The great novels of the early modern period take a prominent position in the generation, preservation, and passing on of knowledge about ancient spaces. Here, poetic imaginative power released from every form of factographic documentation sketches a topography of Antiquity that experiences diverse transformations based on constructions, imaginings, and connotations. Within these processes of transformation, the spaces of Antiquity are dynamized into spaces of movement in which knowledge of these spaces is reordered. Spaces of Antiquity thus appear to us from this viewpoint as spaces of movement and knowledge. Novels like Philip Sidney’s Arcadia (1590), John Barclay’s Argenis (1621), Anton Ulrich’s Aramena< (1669) and Octavia(1677), and Daniel Casper von Lohenstein’s Arminius (1689), with their multifarious poeticizations and fictionalizations of these spaces, play a crucial part in the process of historical transformation of knowledge about ancient spaces. These novels are therefore media for depicting ancient spaces as well as being implicit encyclopedias of knowledge about spaces of Antiquity.

The aim of the dissertation is to reconstruct, from the perspective of the narrative art of early modern times, the period’s orders of knowledge that referred to ancient spaces. The research project thereby takes up the methodology of newer tendencies in literary studies that seek to grasp literature and knowledge as historical factors that refer to each other. This knowledge-aesthetical approach is based on the analysis of the discourses that constitute a specific area of knowledge. For the dissertation project, this initially means taking the poetological discourses of the early modern period as a basis for investigating the poetic strategies and narrative practices upon which the staging of spatial knowledge in the novels is based. Additionally, the research probes the topographical discourses of early modern times that order and regulate knowledge of ancient spaces. Building upon this, the interferences between poetological and topographical discourses are analyzed. At a time when the boundaries between literature and science were still blurred anyway, due to its specific aesthetic procedures, the early modern novel took on a specific function in the spatially-oriented discourses of the time and therefore functions as an implicit encyclopedia of spaces of Antiquity.

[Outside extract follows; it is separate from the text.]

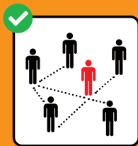
Zur Rückverfol- gung immer vollständige Kontaktdaten angeben.

Since 2007 Gyburg Uhlmann has served as Professor of Classical Philology with a special concentration in ancient Greek at the Freie Universität Berlin. Her research deals with the commentary tradition on Plato in late antiquity (Leibniz Prize Project “Platonismus”) and the methodological foundations for the interpretation of ancient poetry (Leibniz Prize Project “Literatur und Erkenntnis”). As one of Topoi’s principle investigators she analyzes in the research group C-I-3 the multifaceted relationship between spatial images and non-spatial concepts in the Platonic dialogues by using exemplary instances of Greek myths, psychology, cosmology and the natural sciences in general.

Research Group C-I-3 pursues the investigation of the interplay between imaginative places, landscapes, and spaces and non-spatial concepts. In this context, the group is to examine the impact of spatial concepts, as presented in art and literature, on the perception of space. A further issue to explore is, how spatial conceptions are integrated in theories of cosmology, religion, and philosophy in order to illustrate various issues and notions; how scientific and common spatial concepts impact political processes; and finally how spatial experiences (e.g. of campaigns) transform scientific and philosophical spatial concepts.